Task description: Take the material below and extract the lines from the one with "Tourbillon Inflige 5" through the one with "Главный экран лендинга для ЖК", word for word, without pictures.

Extracted information:
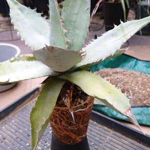 アガベ チタノタブルー fromホームセンター 偶然立ち寄ったホームセンターで見つけたチタノタブルー。 チビ株から放たれるあまりの禍々しさについお持ち帰り。 鋸歯とか剥がれてるけど、それでもわかる禍々しさ。 ちまたで人気のチタノタと比べれば全然ダメかもしれないけど、自分の中では最高の子です。
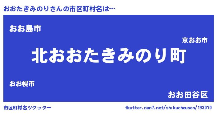 おおたきみのりさんの市区町村名は… 『北おおたきみのり町』『おお島市』『おお田谷区』 ツクッター #市区町村名ツクッター http://tkutter.nan7.net/shikuchouson/193070/
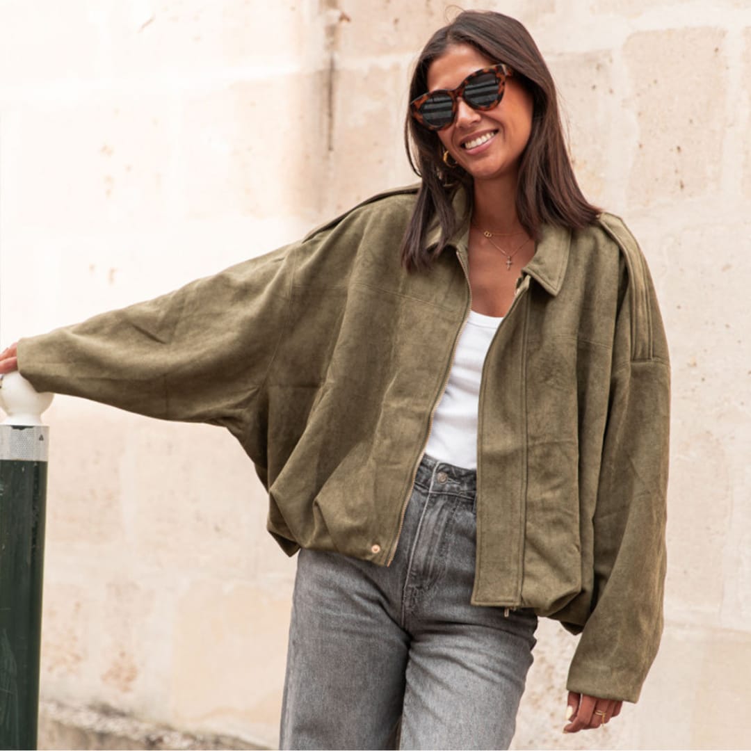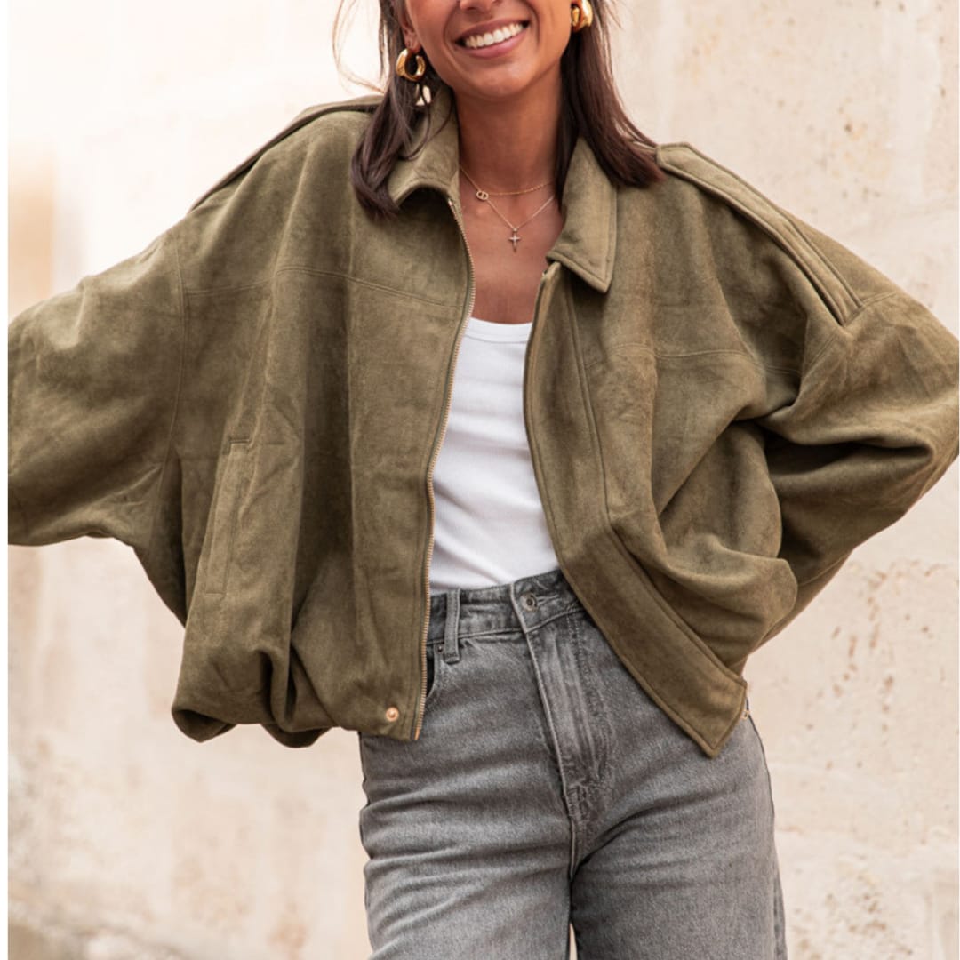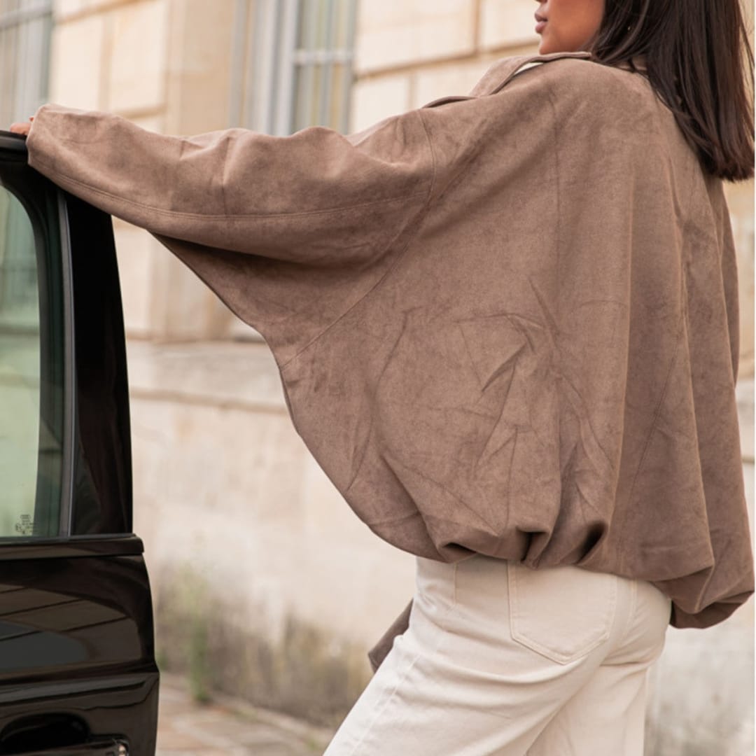 Stay chic and comfortable with our Fall, Winter, and Spring Loose Fit Batwing Sleeves Suede Jacket. Perfect for casual layering and versatile seasonal style.
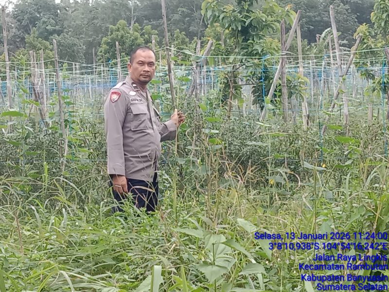 BANYUASIN–INC,-Upaya memperkuat ketahanan pangan terus dilakukan jajaran Kepolisian hingga ke tingkat desa. Bhabinkamtibmas Polsek Rambutan terjun langsung ke lapangan dengan mendampingi masyarakat dalam pengelolaan pekarangan pangan bergizi.
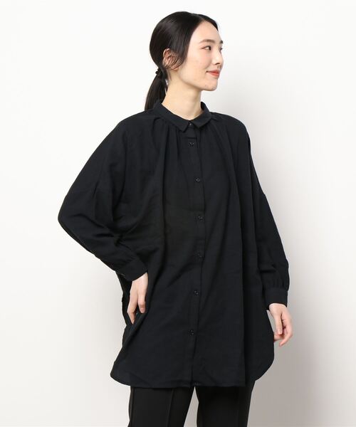 柔らかな風合いの綿100%素材で仕立てたシャツチュニック。 ギャザーの生み出すふんわりとしたシルエットで、リラックス感のある印象を演出。 裾もラウンドフォルムに仕上げることで優しげな表情をプラスします。レイヤードコーデにも映えるデザインで、ショート丈のニットやベストと合わせたスタイリングがおすすめです。
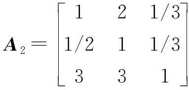 由式(6)、式(7)得CR=0.04<0.1,经判断矩阵的一致性检验可知,A2具有满意的一致性。
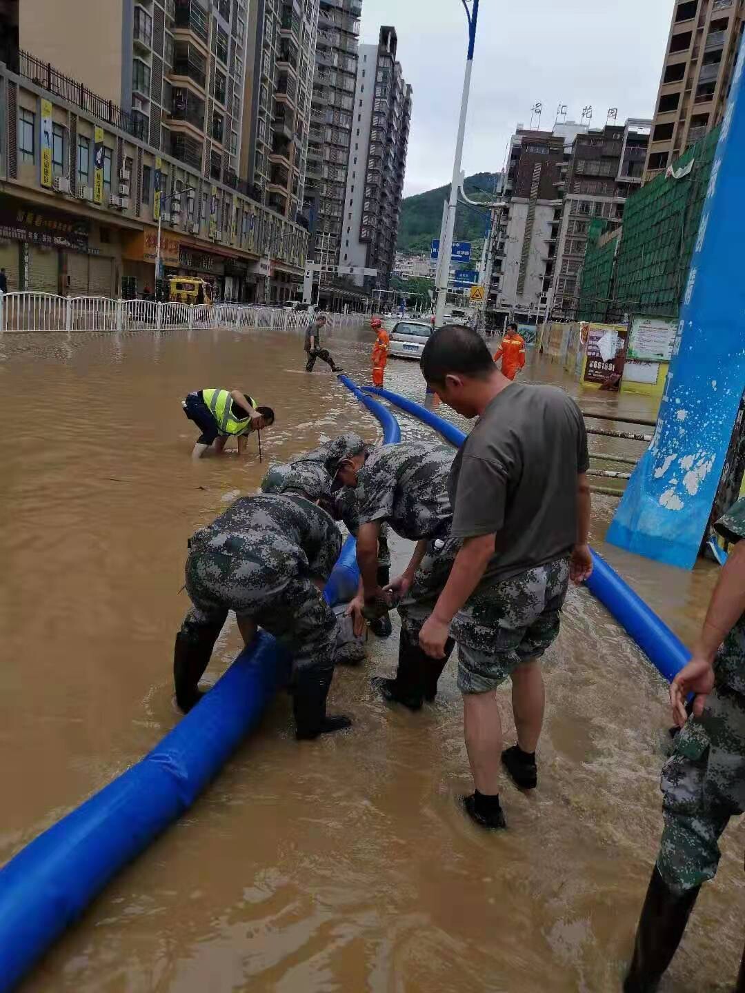救援隊(duì)在現(xiàn)場排澇
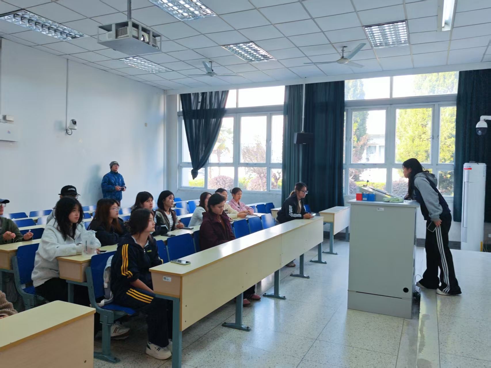 活动伊始,班长娜迪热·阿迪力结合PPT展示了青藏铁路、新疆棉田现代化建设等祖国重大工程中的民族团结故事,讲述各民族建设者携手扎根一线、共筑发展的历程,让同学们直观看到民族同心在国家建设中的重要作用。随后的分组讨论环节,同学们围绕“新时代大学生如何在专业学习中融入民族情与爱国心”展开交流,劳动与社会保障专业的同学结合专业特点,提出要关注民族地区社保体系建设、助力边疆民生发展的想法;部分同学分享了暑期参与民族地区支教、基层调研的经历,讲述自己在实践中感受到的各民族互帮互助的温暖。
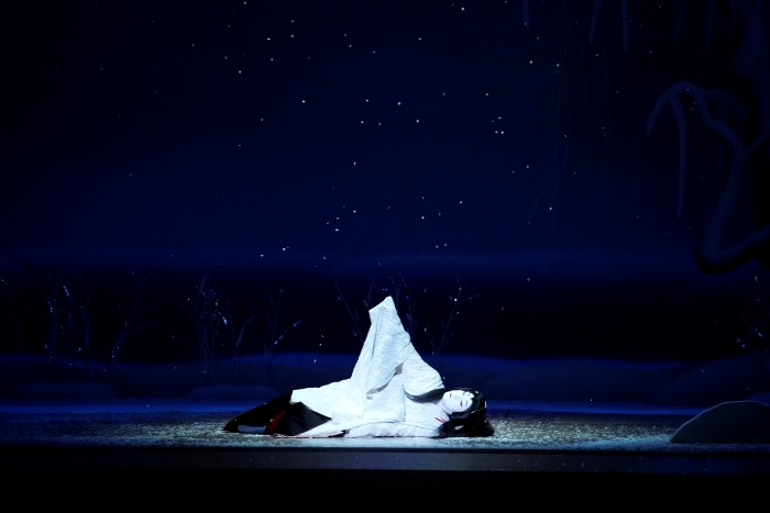 続いては、尾上菊之助の襲名披露狂言となる『玉兎』。大きな月の中から杵を携えて現れた兎は、「かちかち山」を題材に、狸や老爺、老婆など、さまざまな人物を踊り分ける。菊之助の可愛いらしい兎の踊り姿に、客席も和やかな雰囲気に包まれた。続く『鷺娘』は八代目尾上菊五郎の襲名披露狂言。一転して銀世界の厳かな雰囲気の中、白無垢姿で現れた菊五郎扮する鷺の精は、恋の苦楽を踊る。やがて激しい雪の中、恋の責め苦に苛まれ妄執を見せる姿に、会場全体が圧倒され、惜しみない拍手が送られた。
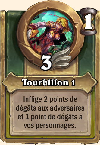 Tourbillon Inflige 5 points de dégâts aux adversaires et 1 point de dégâts à vos personnages Inflige 8 points de dégâts aux adversaires et 1 point de dégâts à vos personnages Inflige 9 points de dégâts aux adversaires et 1 point de dégâts à vos personnages Inflige 10 points de dégâts aux adversaires et 1 point de dégâts à vos personnages |
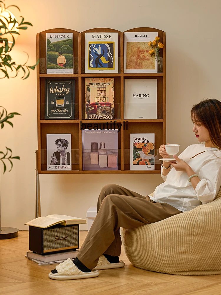 NmuIBKtfRHere you can buy Retro Solid Wood Magazine Rack Living Room Balcony Reading Display Rack French Newspaper Storage Rack Bookshelf with free delivery to your post office.
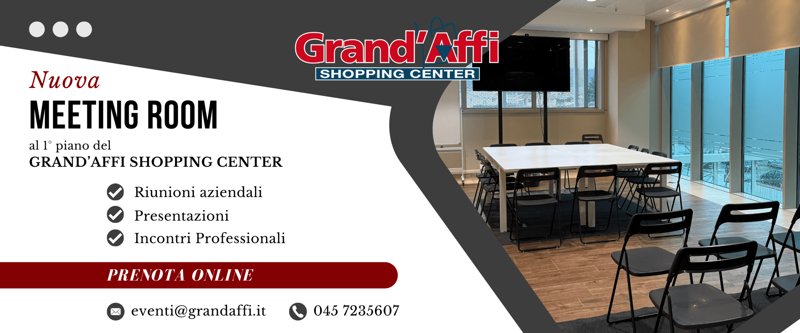 La Meeting Room del Grand’Affi Shopping Center è lo spazio ideale per aziende, professionisti e formatori che cercano una location moderna, comoda e funzionale per riunioni, corsi di formazione e incontri di lavoro.
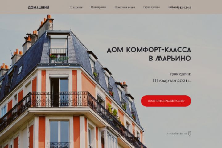 Главный экран лендинга для ЖК
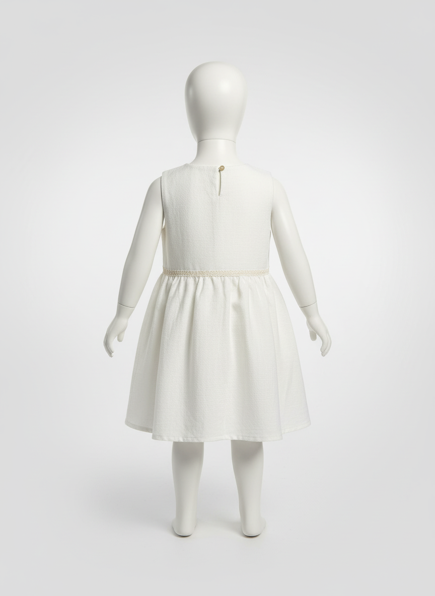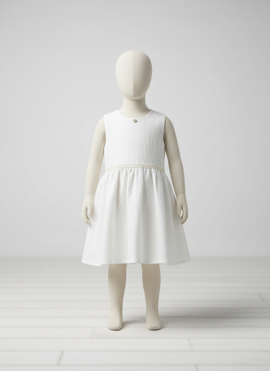 Zeitloses Kinderkleid-Set aus Leinen-Baumwoll-Mix – handbestickt & festlich
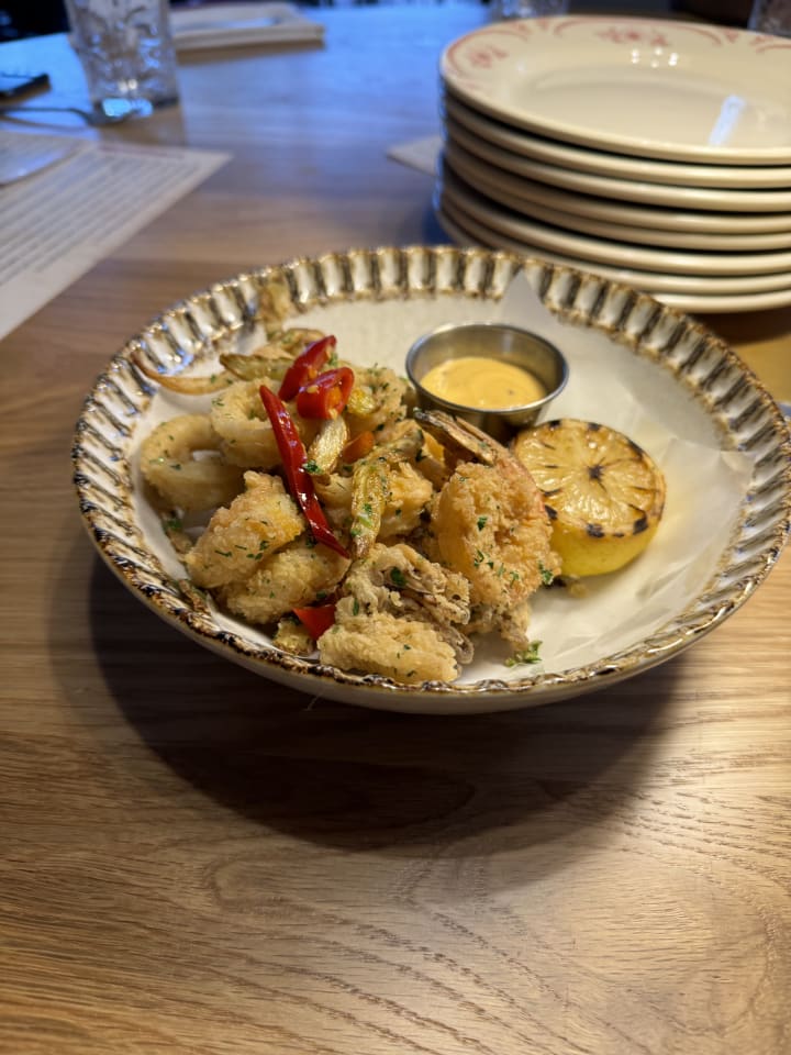 We started to put our order in for appetizers. We ordered them on the menu. We tried there calamari and shrimp appetizer. We also tried the carpaccio another sliced pork dish, and their Aranchini.
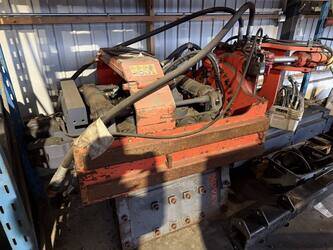 This 2014 MOVAX SG-75TR is a standard-frequency, non-variable side grip pile driver, equipped with modular arms and currently fitted with sheet pile clamps.
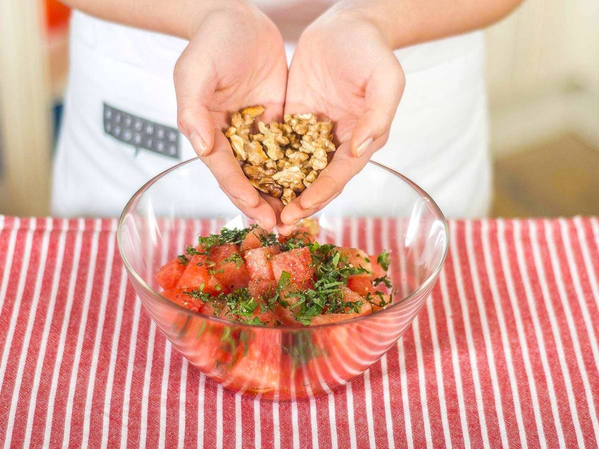 - Nhẹ nhàng bẻ đôi quả óc chó bằng tay, cho vào bát đã có dưa hấu và gia vị.

Output:
 Tourbillon Inflige 5 points de dégâts aux adversaires et 1 point de dégâts à vos personnages Inflige 8 points de dégâts aux adversaires et 1 point de dégâts à vos personnages Inflige 9 points de dégâts aux adversaires et 1 point de dégâts à vos personnages Inflige 10 points de dégâts aux adversaires et 1 point de dégâts à vos personnages |
 NmuIBKtfRHere you can buy Retro Solid Wood Magazine Rack Living Room Balcony Reading Display Rack French Newspaper Storage Rack Bookshelf with free delivery to your post office.
 La Meeting Room del Grand’Affi Shopping Center è lo spazio ideale per aziende, professionisti e formatori che cercano una location moderna, comoda e funzionale per riunioni, corsi di formazione e incontri di lavoro.
 Главный экран лендинга для ЖК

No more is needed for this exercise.